● **INFORMATION SHOWN**:
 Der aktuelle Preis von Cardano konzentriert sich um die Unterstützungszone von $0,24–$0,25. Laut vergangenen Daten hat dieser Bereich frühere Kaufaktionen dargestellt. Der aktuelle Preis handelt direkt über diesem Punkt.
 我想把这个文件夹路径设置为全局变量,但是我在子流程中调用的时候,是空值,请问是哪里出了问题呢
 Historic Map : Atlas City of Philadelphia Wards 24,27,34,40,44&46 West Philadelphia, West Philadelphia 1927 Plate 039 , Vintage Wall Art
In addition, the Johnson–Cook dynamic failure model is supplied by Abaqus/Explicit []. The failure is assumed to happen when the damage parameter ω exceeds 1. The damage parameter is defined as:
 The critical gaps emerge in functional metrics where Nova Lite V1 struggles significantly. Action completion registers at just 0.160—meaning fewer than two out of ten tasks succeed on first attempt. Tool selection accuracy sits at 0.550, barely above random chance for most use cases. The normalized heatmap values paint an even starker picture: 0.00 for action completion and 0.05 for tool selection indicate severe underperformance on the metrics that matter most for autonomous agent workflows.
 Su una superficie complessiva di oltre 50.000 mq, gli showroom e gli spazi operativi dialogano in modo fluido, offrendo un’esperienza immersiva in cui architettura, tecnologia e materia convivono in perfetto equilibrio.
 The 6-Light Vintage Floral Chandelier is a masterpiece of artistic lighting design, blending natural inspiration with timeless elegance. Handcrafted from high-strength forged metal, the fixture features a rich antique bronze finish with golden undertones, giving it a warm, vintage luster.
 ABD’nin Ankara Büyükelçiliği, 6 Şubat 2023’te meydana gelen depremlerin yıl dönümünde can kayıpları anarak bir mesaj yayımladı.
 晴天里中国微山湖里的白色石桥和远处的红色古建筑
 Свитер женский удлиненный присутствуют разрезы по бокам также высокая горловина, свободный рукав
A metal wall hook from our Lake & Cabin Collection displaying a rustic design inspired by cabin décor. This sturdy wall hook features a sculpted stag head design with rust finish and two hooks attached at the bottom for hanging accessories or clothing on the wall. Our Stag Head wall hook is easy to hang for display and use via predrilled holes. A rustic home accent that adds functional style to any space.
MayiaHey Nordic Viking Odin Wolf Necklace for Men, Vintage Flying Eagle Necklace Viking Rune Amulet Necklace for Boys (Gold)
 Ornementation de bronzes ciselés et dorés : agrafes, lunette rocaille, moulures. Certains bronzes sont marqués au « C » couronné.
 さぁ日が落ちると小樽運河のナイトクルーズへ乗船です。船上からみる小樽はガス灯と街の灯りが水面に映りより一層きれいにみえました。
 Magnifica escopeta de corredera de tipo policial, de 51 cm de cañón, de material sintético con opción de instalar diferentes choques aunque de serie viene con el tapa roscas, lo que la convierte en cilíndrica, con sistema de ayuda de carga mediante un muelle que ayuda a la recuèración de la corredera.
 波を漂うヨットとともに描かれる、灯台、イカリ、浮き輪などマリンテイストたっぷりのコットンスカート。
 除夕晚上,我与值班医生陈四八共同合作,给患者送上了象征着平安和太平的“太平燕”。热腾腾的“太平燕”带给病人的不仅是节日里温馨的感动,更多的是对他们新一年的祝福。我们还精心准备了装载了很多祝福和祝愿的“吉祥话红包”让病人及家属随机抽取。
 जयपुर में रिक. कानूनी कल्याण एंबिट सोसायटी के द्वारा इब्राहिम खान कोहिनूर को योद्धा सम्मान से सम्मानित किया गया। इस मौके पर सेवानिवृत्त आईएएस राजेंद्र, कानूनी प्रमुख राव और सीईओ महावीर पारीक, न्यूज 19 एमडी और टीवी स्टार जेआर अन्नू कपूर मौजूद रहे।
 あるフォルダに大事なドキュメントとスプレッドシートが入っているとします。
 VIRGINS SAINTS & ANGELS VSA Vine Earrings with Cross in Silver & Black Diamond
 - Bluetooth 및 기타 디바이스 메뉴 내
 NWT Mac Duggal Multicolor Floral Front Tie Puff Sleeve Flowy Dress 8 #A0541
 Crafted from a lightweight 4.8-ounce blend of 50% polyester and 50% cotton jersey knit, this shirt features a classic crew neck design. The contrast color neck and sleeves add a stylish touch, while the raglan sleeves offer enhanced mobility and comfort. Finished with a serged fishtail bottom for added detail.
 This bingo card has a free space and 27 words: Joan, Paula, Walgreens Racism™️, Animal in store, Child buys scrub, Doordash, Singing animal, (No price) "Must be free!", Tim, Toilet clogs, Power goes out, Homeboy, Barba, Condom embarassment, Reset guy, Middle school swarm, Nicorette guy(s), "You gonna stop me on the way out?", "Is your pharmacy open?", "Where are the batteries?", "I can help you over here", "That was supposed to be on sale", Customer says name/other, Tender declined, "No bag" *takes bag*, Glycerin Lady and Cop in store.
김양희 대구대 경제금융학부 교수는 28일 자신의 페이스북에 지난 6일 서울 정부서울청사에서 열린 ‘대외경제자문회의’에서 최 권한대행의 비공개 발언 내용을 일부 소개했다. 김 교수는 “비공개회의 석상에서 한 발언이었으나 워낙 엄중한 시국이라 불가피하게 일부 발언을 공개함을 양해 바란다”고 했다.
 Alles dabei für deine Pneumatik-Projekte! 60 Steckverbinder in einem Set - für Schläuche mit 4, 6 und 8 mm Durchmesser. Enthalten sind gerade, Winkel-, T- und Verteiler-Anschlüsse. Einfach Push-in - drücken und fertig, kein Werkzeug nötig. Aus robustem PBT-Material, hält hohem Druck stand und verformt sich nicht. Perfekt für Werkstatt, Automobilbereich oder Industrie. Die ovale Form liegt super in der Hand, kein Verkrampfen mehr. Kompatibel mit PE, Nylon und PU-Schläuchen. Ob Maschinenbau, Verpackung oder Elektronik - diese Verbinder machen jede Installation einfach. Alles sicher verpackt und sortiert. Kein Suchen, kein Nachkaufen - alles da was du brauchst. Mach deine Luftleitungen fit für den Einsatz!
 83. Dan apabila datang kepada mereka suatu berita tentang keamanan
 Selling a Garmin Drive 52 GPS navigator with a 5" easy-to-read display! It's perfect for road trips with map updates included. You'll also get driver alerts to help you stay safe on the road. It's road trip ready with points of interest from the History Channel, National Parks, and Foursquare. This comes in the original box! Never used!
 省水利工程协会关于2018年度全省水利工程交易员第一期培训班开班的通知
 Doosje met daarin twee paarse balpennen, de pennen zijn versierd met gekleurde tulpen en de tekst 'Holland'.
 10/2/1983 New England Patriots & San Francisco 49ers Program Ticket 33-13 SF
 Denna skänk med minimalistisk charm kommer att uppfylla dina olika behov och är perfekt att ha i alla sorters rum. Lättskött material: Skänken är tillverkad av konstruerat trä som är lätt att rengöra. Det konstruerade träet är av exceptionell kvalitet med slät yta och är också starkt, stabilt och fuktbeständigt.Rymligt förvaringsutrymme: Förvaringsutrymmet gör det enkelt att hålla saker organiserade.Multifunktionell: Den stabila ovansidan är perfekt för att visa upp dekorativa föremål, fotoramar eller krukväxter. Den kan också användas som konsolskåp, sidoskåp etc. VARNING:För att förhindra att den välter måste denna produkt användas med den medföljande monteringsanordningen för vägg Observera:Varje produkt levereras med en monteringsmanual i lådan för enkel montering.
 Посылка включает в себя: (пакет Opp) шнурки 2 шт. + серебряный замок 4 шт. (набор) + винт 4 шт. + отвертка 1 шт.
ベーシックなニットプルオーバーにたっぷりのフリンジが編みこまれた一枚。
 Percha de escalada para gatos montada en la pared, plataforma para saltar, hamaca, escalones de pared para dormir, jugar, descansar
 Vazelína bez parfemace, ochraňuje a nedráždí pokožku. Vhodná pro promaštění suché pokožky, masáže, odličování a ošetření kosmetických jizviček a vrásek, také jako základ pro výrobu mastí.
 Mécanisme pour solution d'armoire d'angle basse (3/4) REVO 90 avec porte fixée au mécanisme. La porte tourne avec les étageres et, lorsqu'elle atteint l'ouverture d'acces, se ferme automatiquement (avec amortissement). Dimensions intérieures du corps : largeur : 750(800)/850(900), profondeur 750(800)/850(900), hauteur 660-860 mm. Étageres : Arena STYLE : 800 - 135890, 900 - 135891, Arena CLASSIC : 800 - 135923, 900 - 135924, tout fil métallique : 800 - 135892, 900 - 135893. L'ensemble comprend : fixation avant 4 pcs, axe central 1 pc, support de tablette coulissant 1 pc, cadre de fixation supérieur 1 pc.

● **WORK REQUIRED**:
The line with "The 6-Light Vintage" marks the end; reproduce exactly every line from the start of the entries up to it, that line included.

● **RESULT OF THIS EXERCISE**:
 Der aktuelle Preis von Cardano konzentriert sich um die Unterstützungszone von $0,24–$0,25. Laut vergangenen Daten hat dieser Bereich frühere Kaufaktionen dargestellt. Der aktuelle Preis handelt direkt über diesem Punkt.
 我想把这个文件夹路径设置为全局变量,但是我在子流程中调用的时候,是空值,请问是哪里出了问题呢
 Historic Map : Atlas City of Philadelphia Wards 24,27,34,40,44&46 West Philadelphia, West Philadelphia 1927 Plate 039 , Vintage Wall Art
In addition, the Johnson–Cook dynamic failure model is supplied by Abaqus/Explicit []. The failure is assumed to happen when the damage parameter ω exceeds 1. The damage parameter is defined as:
 The critical gaps emerge in functional metrics where Nova Lite V1 struggles significantly. Action completion registers at just 0.160—meaning fewer than two out of ten tasks succeed on first attempt. Tool selection accuracy sits at 0.550, barely above random chance for most use cases. The normalized heatmap values paint an even starker picture: 0.00 for action completion and 0.05 for tool selection indicate severe underperformance on the metrics that matter most for autonomous agent workflows.
 Su una superficie complessiva di oltre 50.000 mq, gli showroom e gli spazi operativi dialogano in modo fluido, offrendo un’esperienza immersiva in cui architettura, tecnologia e materia convivono in perfetto equilibrio.
 The 6-Light Vintage Floral Chandelier is a masterpiece of artistic lighting design, blending natural inspiration with timeless elegance. Handcrafted from high-strength forged metal, the fixture features a rich antique bronze finish with golden undertones, giving it a warm, vintage luster.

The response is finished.